My application ran on PHP for years, and I used the recommended password hashing API as of PHP 5.5 to store my users' passwords. For instance:
$password = password_hash("my password", PASSWORD_DEFAULT);
As a result, my database is full of passwords such as this:
$2y$10$sjzYz7g/kVxpJUynC/...........pjKPh0z1QuU.Mlt7TVAiPW
Now I am moving my application to run on NodeJS 12.3.0 instead of PHP and I now use the bcrypt library like this:
const saltRounds = 10;
const password = await bcrypt.hash("my password", saltRounds);
The same password hashes to something like:
$2b$10$SYZH5Mj4Dy8dkKyRv1O/.........XNGPVBe8nPJjpnEjPZxx.
I thought that the algo, salt and rounds used were within the string so that the transition would be seamless.

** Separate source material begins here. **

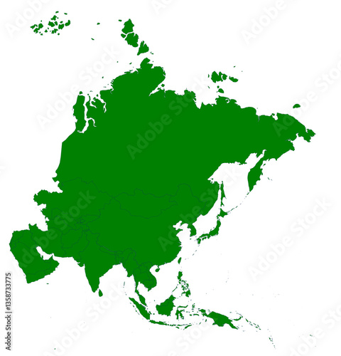 Fototapeta premium Asia Continent Green Map – Silhouette Illustration

However, when I try to verify a password that had been stored by PHP, the correct password fails verification:
// result === false
const result = await bcrypt.compare("my password", phpStoredHash);
I really hope I don't have to force all users to reset their passwords. How can I verify the passwords PHP stored in my NodeJS application?
Use bcryptjs package instead. It can compare php generated hashes correctly.
const bcrypt = require('bcryptjs')
const hashPHP = "$2y$10$Lsn001yN38WssfQmJ5hM5.Ywa3AKB76YD/zUC9QNS5BPRr9QMWOTa"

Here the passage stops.